REQUIRED WORK: Write the listing out again word for word, skipping each picture.

GIVEN ENTRIES:
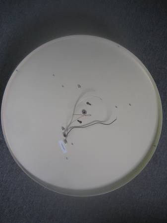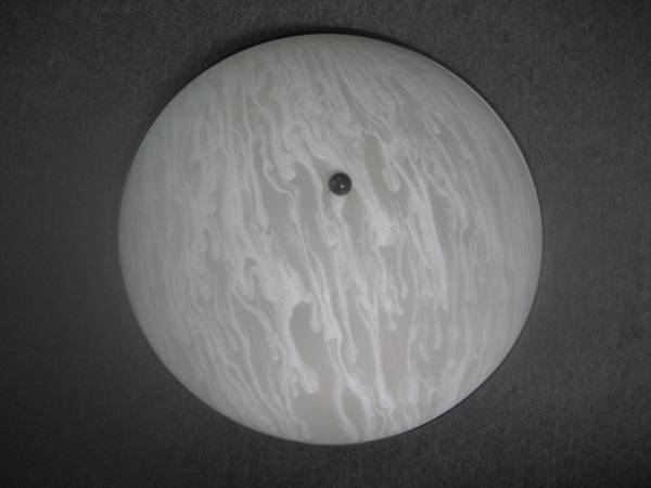 FLUORESCENT ROUND FLUSH-MOUNT CEILING LIGHT FIXTURE, ideal for hotels, high rises, office buildings, hall ways, approximately 21.5"dia x 8"high, 277 Volt, 60 Hz, 0.35 Amp,takes one 40W and/or one 32W T-9 circular light bulb, quick start, custom made by Orion Chandelier, acrylic dome with brass rim, dome has a classy cloud like design. Few fixtures available.
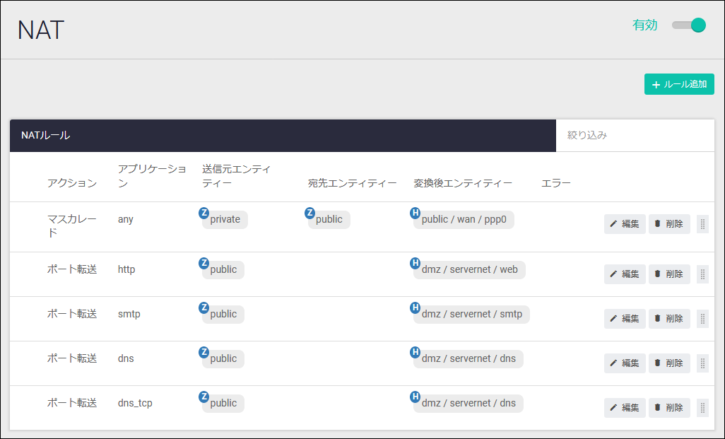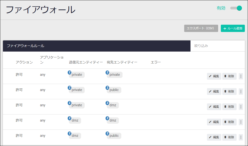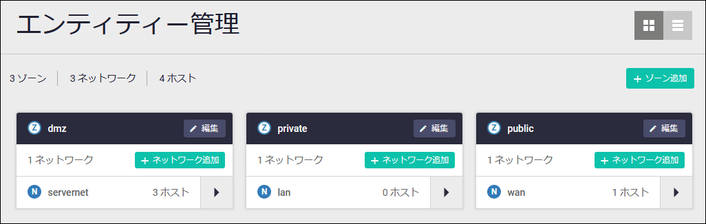 | ゾーンに割り当て | 該当ネットワークの追加先ゾーンが表示されます |
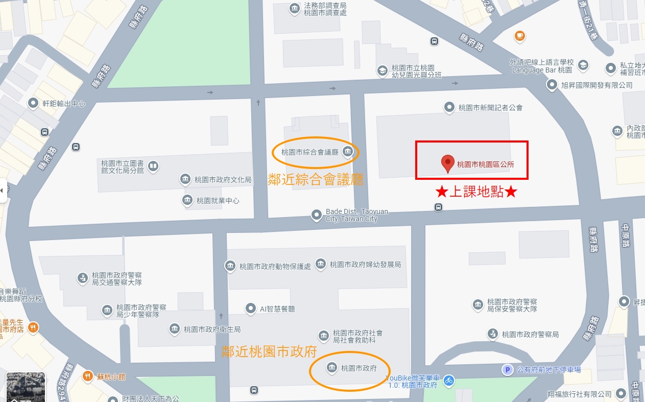 ■開課地點:桃園市桃園區公所 四樓禮堂 (桃園市桃園區縣府路7號4樓)。
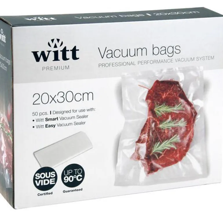 50 stk. Vakuum-poser 20 x 30 cm. Kan brukes sammen med Witt Premium Vacuum Sealer.
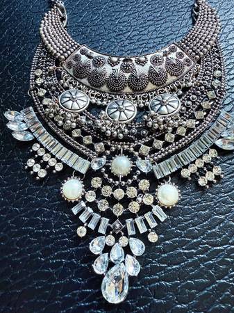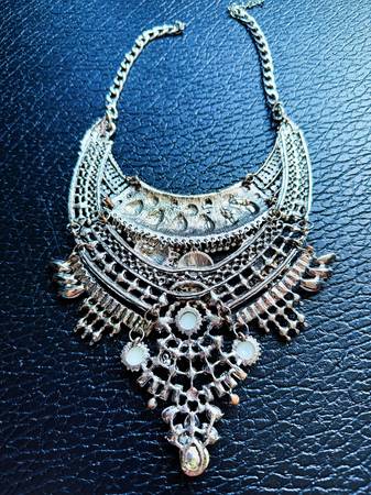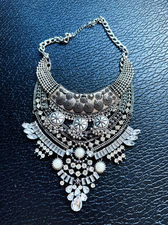 Calypso Maxi Statement Necklace is a big, glamorous necklace. Perfect for parties and music festivals, or when you want to dress up with a bohemian flair! This necklace features intricately designs of gems and layers of chains for maximum eye-grabbing impact!
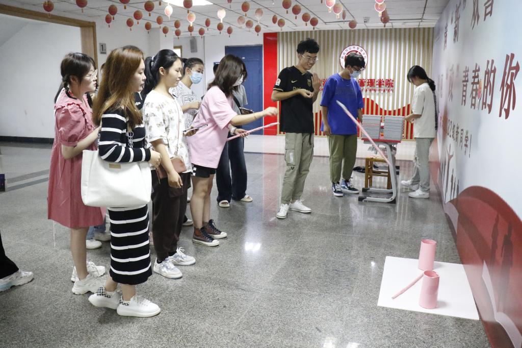 在“校史知多少”这一活动环节,同学们迫不及待地摘取悬挂着的校史卡片,或自己独立思考,或几个人一齐讨论,共同根据卡片上的题目讨论正确答案。紧接着,回答正确的同学来到最后一关——“投壶拜中秋”的场地进行投壶活动。顺利完成四轮闯关同学欣喜若狂,纷纷前往志愿者处依据所集得的印章数兑换相应奖品。
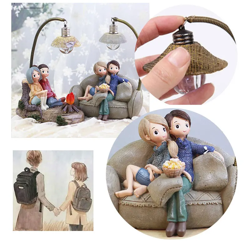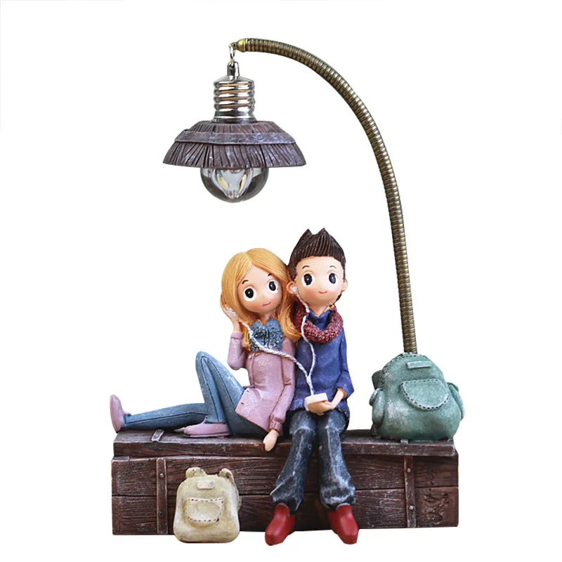 Comprar Par romântico Character Estatueta Ofício da Resina Casa Decoração Luz da Noite Europa Quarto Estudo Nightlight Ornamento Do Presente Do Estudante Baratas Online Preço
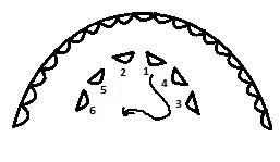 Д1, Д3 Д5 продолжают двигаться по кругу против часовой стрелки, Д2, Д4, Д6 делают поворот через правое плечо, Д2 подходит к Д1, Д4 подходит к Д3, Д6 подходит к Д5, образуя снова звёздочку.
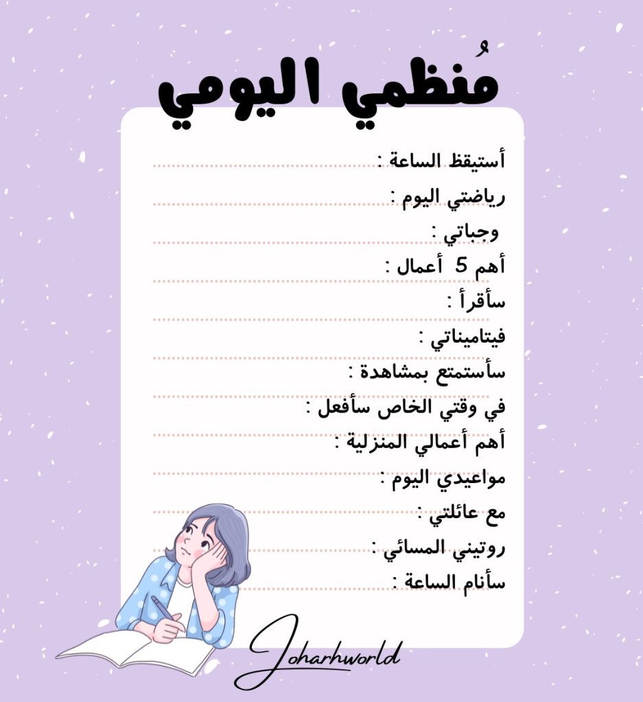 للإستزادة شاهدي تدوينة مفصلة عن التخطيط اليومي :
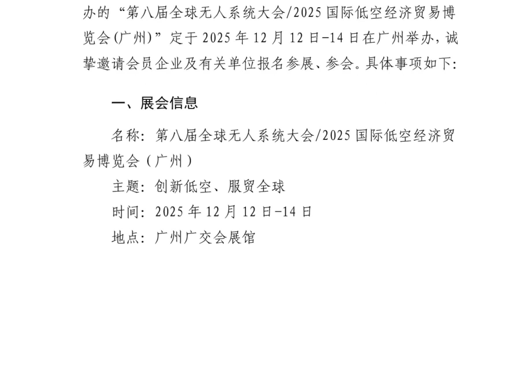 > 关于邀请参加第八届全球无人系统大会/ 2025 国际低空经济贸易博览会(广州)的通知
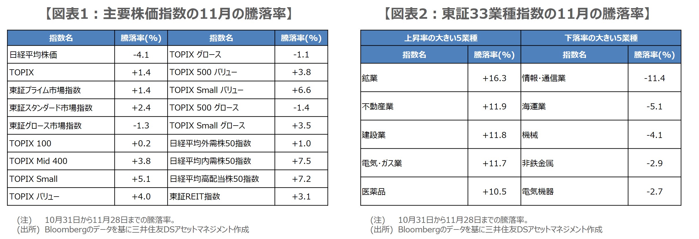 業種別では、4月から大きく上昇していた情報・通信業などが11月は下落し、出遅れていた医薬品などが上昇しました。また、総じて大型よりも小型、グロースよりもバリュー、外需よりも内需のパフォーマンスが好調で、配当や分配を選好する動きもみられました。この先、米AI相場の調整が再び強まるような局面において日本株を見通す場合、今回のような動きが参考になると思われます。

RESPONSE:
 FLUORESCENT ROUND FLUSH-MOUNT CEILING LIGHT FIXTURE, ideal for hotels, high rises, office buildings, hall ways, approximately 21.5"dia x 8"high, 277 Volt, 60 Hz, 0.35 Amp,takes one 40W and/or one 32W T-9 circular light bulb, quick start, custom made by Orion Chandelier, acrylic dome with brass rim, dome has a classy cloud like design. Few fixtures available.
 | ゾーンに割り当て | 該当ネットワークの追加先ゾーンが表示されます |
 ■開課地點:桃園市桃園區公所 四樓禮堂 (桃園市桃園區縣府路7號4樓)。
 50 stk. Vakuum-poser 20 x 30 cm. Kan brukes sammen med Witt Premium Vacuum Sealer.
 Calypso Maxi Statement Necklace is a big, glamorous necklace. Perfect for parties and music festivals, or when you want to dress up with a bohemian flair! This necklace features intricately designs of gems and layers of chains for maximum eye-grabbing impact!
 在“校史知多少”这一活动环节,同学们迫不及待地摘取悬挂着的校史卡片,或自己独立思考,或几个人一齐讨论,共同根据卡片上的题目讨论正确答案。紧接着,回答正确的同学来到最后一关——“投壶拜中秋”的场地进行投壶活动。顺利完成四轮闯关同学欣喜若狂,纷纷前往志愿者处依据所集得的印章数兑换相应奖品。
 Comprar Par romântico Character Estatueta Ofício da Resina Casa Decoração Luz da Noite Europa Quarto Estudo Nightlight Ornamento Do Presente Do Estudante Baratas Online Preço
 Д1, Д3 Д5 продолжают двигаться по кругу против часовой стрелки, Д2, Д4, Д6 делают поворот через правое плечо, Д2 подходит к Д1, Д4 подходит к Д3, Д6 подходит к Д5, образуя снова звёздочку.
 للإستزادة شاهدي تدوينة مفصلة عن التخطيط اليومي :
 > 关于邀请参加第八届全球无人系统大会/ 2025 国际低空经济贸易博览会(广州)的通知
 業種別では、4月から大きく上昇していた情報・通信業などが11月は下落し、出遅れていた医薬品などが上昇しました。また、総じて大型よりも小型、グロースよりもバリュー、外需よりも内需のパフォーマンスが好調で、配当や分配を選好する動きもみられました。この先、米AI相場の調整が再び強まるような局面において日本株を見通す場合、今回のような動きが参考になると思われます。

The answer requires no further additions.